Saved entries
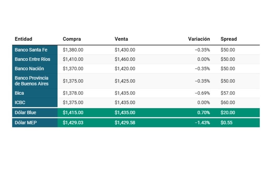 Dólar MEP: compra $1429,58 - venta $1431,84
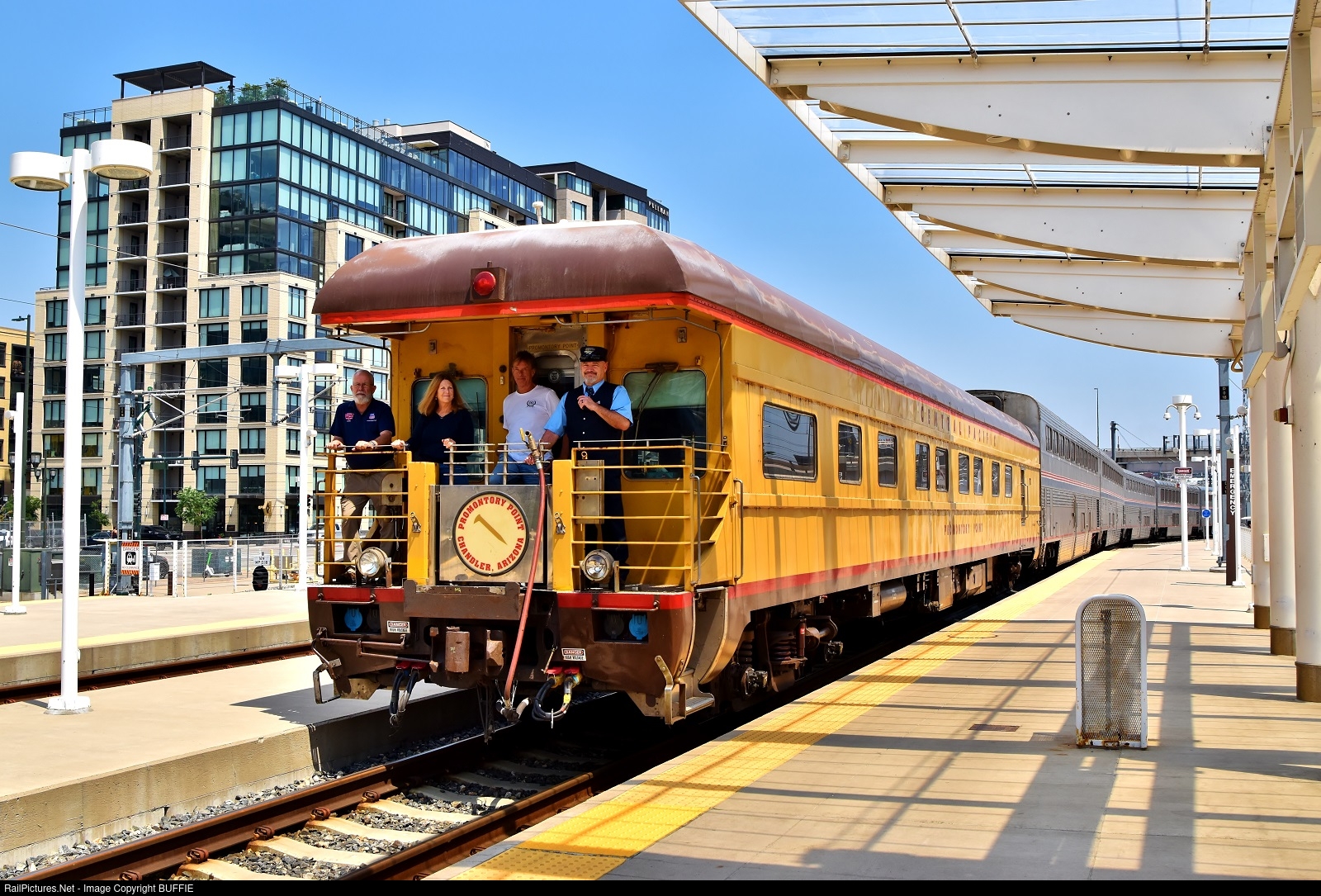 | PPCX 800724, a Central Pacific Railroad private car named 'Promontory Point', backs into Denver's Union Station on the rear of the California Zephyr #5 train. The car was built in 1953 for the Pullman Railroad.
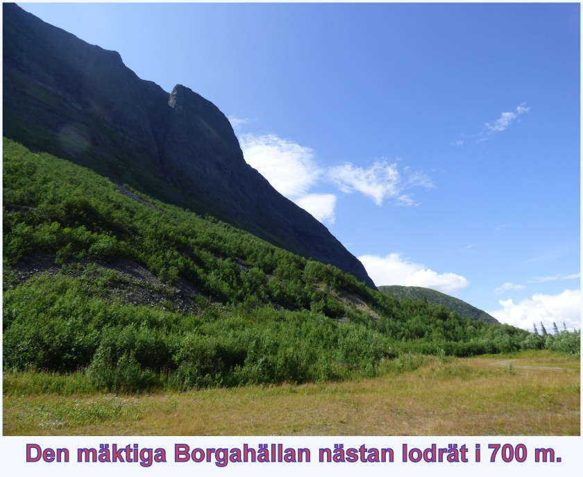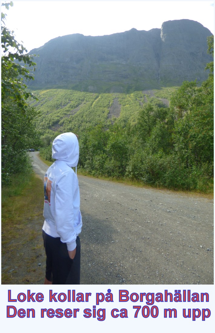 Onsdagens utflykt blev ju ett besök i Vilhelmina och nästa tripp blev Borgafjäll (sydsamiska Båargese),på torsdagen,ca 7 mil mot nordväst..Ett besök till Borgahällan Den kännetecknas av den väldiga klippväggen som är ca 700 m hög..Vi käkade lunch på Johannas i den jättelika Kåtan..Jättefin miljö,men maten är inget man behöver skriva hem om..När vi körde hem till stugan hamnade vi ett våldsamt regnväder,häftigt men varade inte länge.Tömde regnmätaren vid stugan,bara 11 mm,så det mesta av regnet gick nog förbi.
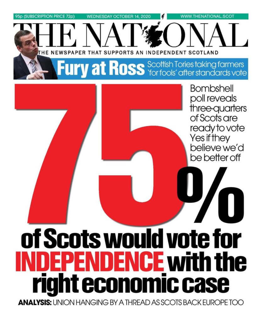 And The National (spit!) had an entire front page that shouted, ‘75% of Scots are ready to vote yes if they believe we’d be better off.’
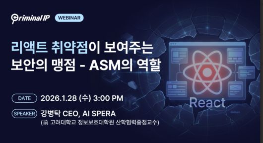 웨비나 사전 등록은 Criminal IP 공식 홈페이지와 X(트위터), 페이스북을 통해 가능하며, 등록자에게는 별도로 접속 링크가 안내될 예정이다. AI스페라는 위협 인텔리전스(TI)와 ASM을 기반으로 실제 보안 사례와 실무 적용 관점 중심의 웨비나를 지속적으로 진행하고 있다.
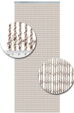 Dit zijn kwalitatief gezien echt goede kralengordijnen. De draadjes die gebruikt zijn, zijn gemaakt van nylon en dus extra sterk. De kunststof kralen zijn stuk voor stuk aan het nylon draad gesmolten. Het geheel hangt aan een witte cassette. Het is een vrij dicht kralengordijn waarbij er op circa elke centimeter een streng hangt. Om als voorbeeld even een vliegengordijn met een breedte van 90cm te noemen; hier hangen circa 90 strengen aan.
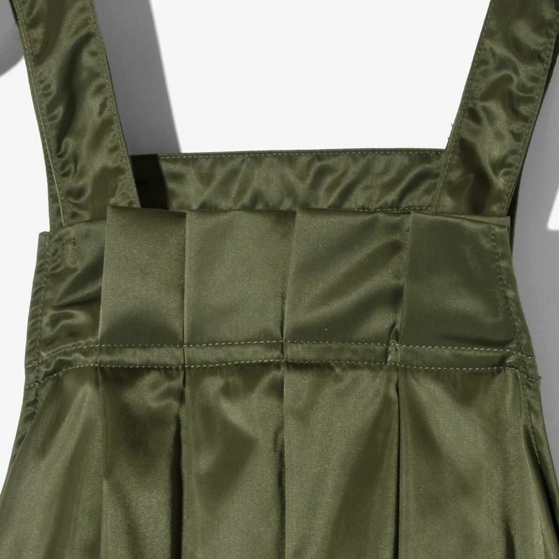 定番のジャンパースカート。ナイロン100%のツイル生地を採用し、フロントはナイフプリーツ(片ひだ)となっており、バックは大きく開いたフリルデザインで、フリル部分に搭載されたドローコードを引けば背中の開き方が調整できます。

▸ **YOUR OBJECTIVE**:
What I need is every record written out exactly, minus the pictures.

▸ **TASK RESULT**:
 Dólar MEP: compra $1429,58 - venta $1431,84
 | PPCX 800724, a Central Pacific Railroad private car named 'Promontory Point', backs into Denver's Union Station on the rear of the California Zephyr #5 train. The car was built in 1953 for the Pullman Railroad.
 Onsdagens utflykt blev ju ett besök i Vilhelmina och nästa tripp blev Borgafjäll (sydsamiska Båargese),på torsdagen,ca 7 mil mot nordväst..Ett besök till Borgahällan Den kännetecknas av den väldiga klippväggen som är ca 700 m hög..Vi käkade lunch på Johannas i den jättelika Kåtan..Jättefin miljö,men maten är inget man behöver skriva hem om..När vi körde hem till stugan hamnade vi ett våldsamt regnväder,häftigt men varade inte länge.Tömde regnmätaren vid stugan,bara 11 mm,så det mesta av regnet gick nog förbi.
 And The National (spit!) had an entire front page that shouted, ‘75% of Scots are ready to vote yes if they believe we’d be better off.’
 웨비나 사전 등록은 Criminal IP 공식 홈페이지와 X(트위터), 페이스북을 통해 가능하며, 등록자에게는 별도로 접속 링크가 안내될 예정이다. AI스페라는 위협 인텔리전스(TI)와 ASM을 기반으로 실제 보안 사례와 실무 적용 관점 중심의 웨비나를 지속적으로 진행하고 있다.
 Dit zijn kwalitatief gezien echt goede kralengordijnen. De draadjes die gebruikt zijn, zijn gemaakt van nylon en dus extra sterk. De kunststof kralen zijn stuk voor stuk aan het nylon draad gesmolten. Het geheel hangt aan een witte cassette. Het is een vrij dicht kralengordijn waarbij er op circa elke centimeter een streng hangt. Om als voorbeeld even een vliegengordijn met een breedte van 90cm te noemen; hier hangen circa 90 strengen aan.
 定番のジャンパースカート。ナイロン100%のツイル生地を採用し、フロントはナイフプリーツ(片ひだ)となっており、バックは大きく開いたフリルデザインで、フリル部分に搭載されたドローコードを引けば背中の開き方が調整できます。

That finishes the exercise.